Man, I am hungry. I’ve been sick the past few days and haven’t really felt much like eating, but today I am ravenous. Hopefully this is a sign that things are improving. It hasn’t been an utterly debilitating variety of sick, but I’ve felt pretty listless and my stomach has been tetchy.
Some comments on recent books:
Abhorsen Trilogy by Garth Nix
I’d been curious about these books for a long time, but worried that they might be overly gothy on account of their subject matter. They turned out to be quite enjoyable. I had the good fortune to find unabridged audio versions narrated by Tim Curry. His voice for Moggett, a cat, was especially good. Sabriel is good and can function just fine as a stand-alone. Lirael, the second book, goes a little deeper into the title character’s personality and motivation, and just might be my favorite of the lot. It ends on a cliffhangery note. Abhorsen picks up precisely where Lirael left off and is just action, action, action until the very end, when things get more character driven again. I really felt like it wasn’t a book in its own right, but was just the second hunk of Lirael that got chopped off when someone decided it was too long.

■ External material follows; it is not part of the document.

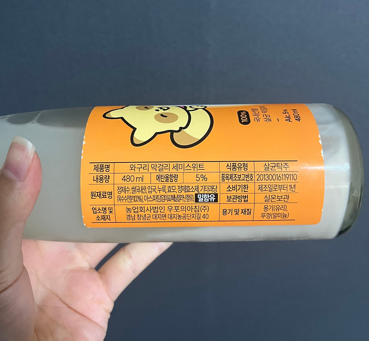 이 귀여운 술의 도수는 5도, 용량은 480ml, 거기에 가격은 5500원이다. 사람에 따라 약간 비싸다는 생각이 들 수도 있지만, 개인적으로 최근 출시되는 막걸리의 가격들을 생각해 보면 그리 고가는 아니라고 생각된다. 적당함, 혹은 살짝 높은 정도. 여하튼 한 병을 사 먹기에 부담되는 가격은 아니다.
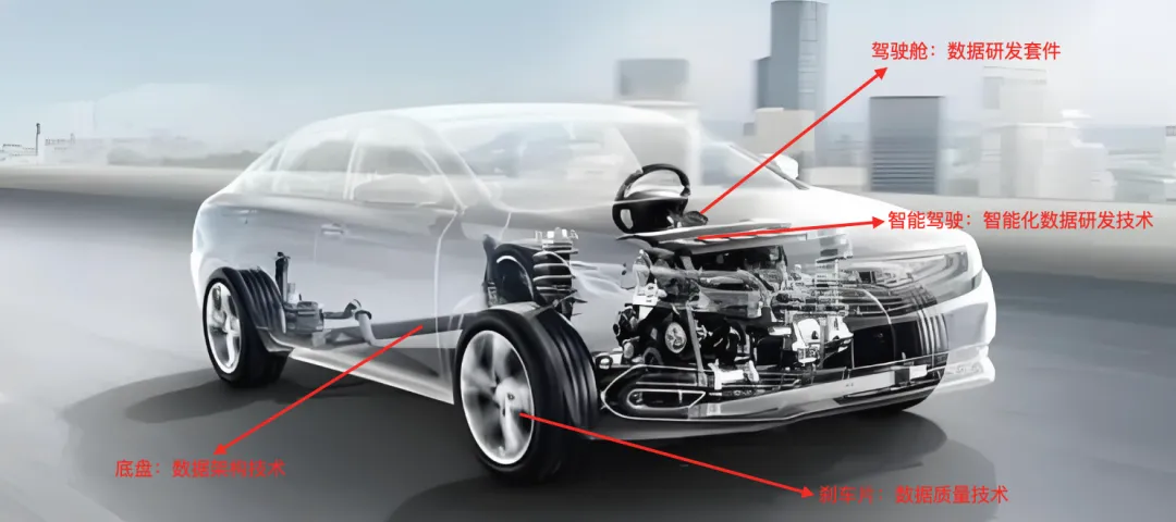 24年立项开始至今,我们主要专注在4个最核心能力的建设,分别为:数据研发套件、数据架构技术、数据质量技术、智能化数据研发。如果把数据研发平台比喻成一辆汽车,那么这四部分的定位如下图所示:

I kept thinking that it might be rather dull to be physically reading this series at times, but the narration kept me entertained, and my complaints are few. Therefore, it’s recommended, but snag the audio if you can. My library had them all, and this town doesn’t even begin to be cosmopolitan, so I bet others will, too.
Daisy Miller by Henry James
What a weird little book. The moral seems rather ridiculous by today’s standards and is delivered by the sledgehammer method, making the end particularly silly. I guess I liked it alright. It was short, at least.
Rebecca by Daphne du Maurier
Rebecca rocks. There’s so much going on here I can’t really describe, but you’ve got a very cinemagraphic style of writing, a mysterious ex-wife named Rebecca, a meek and shy second wife who is occasionally very annoying, a creepy housekeeper, a moody older man, etc. If you haven’t read or seen it, you should. My main gripe is with the protagonist sometimes being very dumb (I saw one big plot twist coming miles away), but some of the other turns are genuine surprises, and just overall, the sense of suspense is finely maintained. Next on the list for me by du Maurier—Jamaica Inn. It’s the other of her novels that was made into a movie by Hitchcock. She also wrote the short story that inspired The Birds. Betcha didn’t know that!